§ TASK DESCRIPTION: Omit all pictures, and print word for word only the lines from the one containing "De acordo com" through the end of the data.
++++ DATA EXCERPT
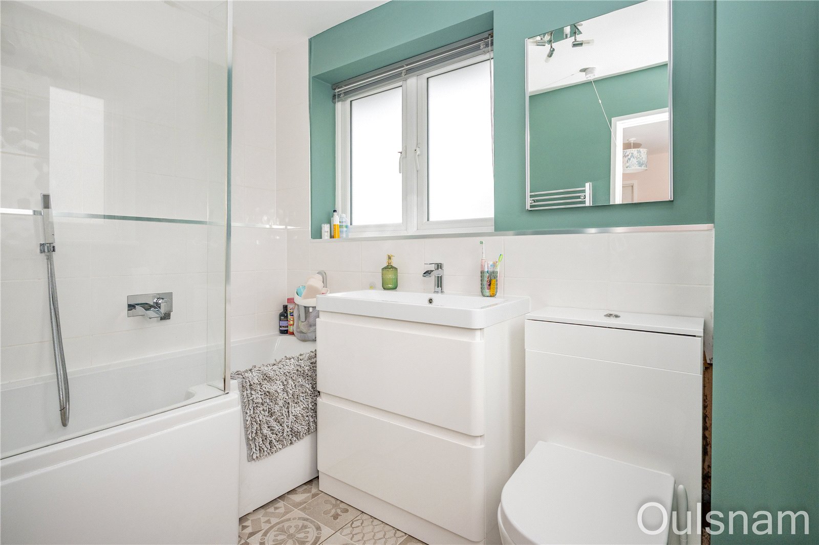 Bathroom which has a bath with a shower, a vanity unit with storage and an inset wash hand basin, a low level toilet and windows looking out to the side and rear.
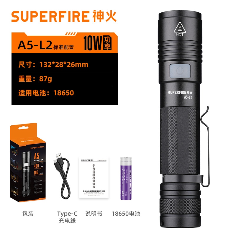 1、千米远射,射程更远,光斑更聚焦。 2、进口灯珠,亮度高,照明效果更好。 3、前后双按键,光源一键点亮,高亮瞬间开启。
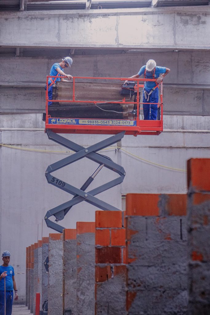 De acordo com a Secretaria de Infraestrutura (Seinfra), a obra está na fase de concretagem das lajes dos boxes, execução da alvenaria de vedação dos boxes e bancas, montagem de formas de vigas, revestimento em argamassa de paredes e tetos, avançando também para a coberta. O investimento será de R$ 10 milhões.
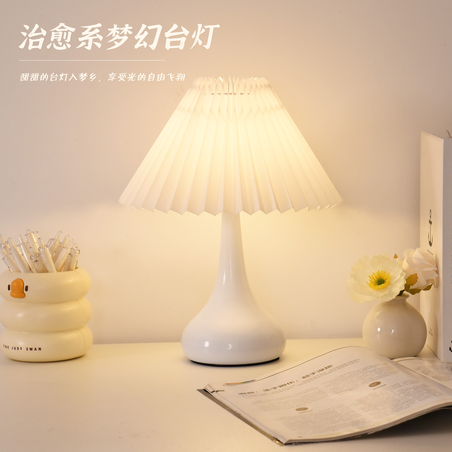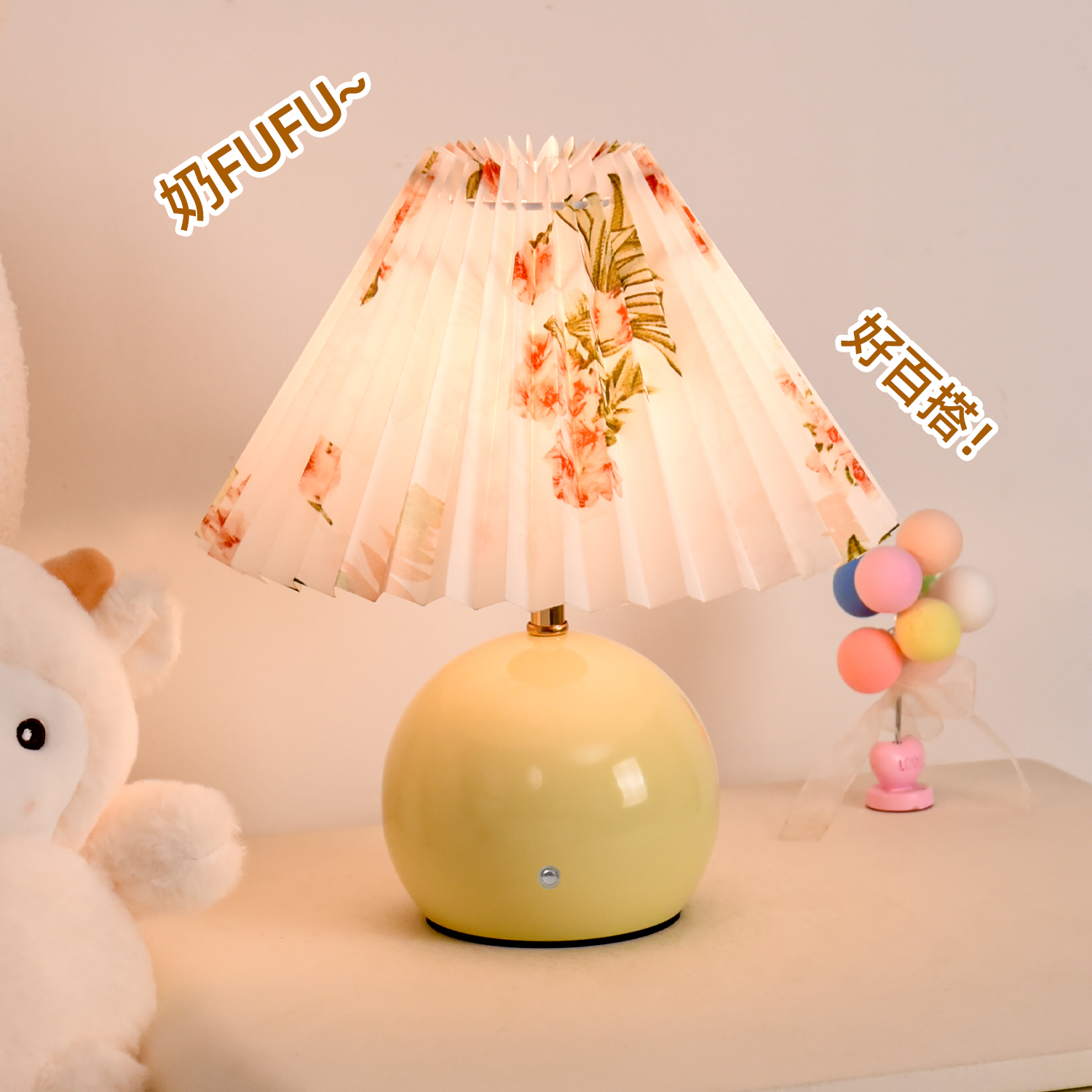 中古复古台灯床头灯卧室桌面夜灯温馨浪漫百褶装饰氛围感奶油充电
++++++++
§ SOLUTION TO THIS PROBLEM:
 De acordo com a Secretaria de Infraestrutura (Seinfra), a obra está na fase de concretagem das lajes dos boxes, execução da alvenaria de vedação dos boxes e bancas, montagem de formas de vigas, revestimento em argamassa de paredes e tetos, avançando também para a coberta. O investimento será de R$ 10 milhões.
 中古复古台灯床头灯卧室桌面夜灯温馨浪漫百褶装饰氛围感奶油充电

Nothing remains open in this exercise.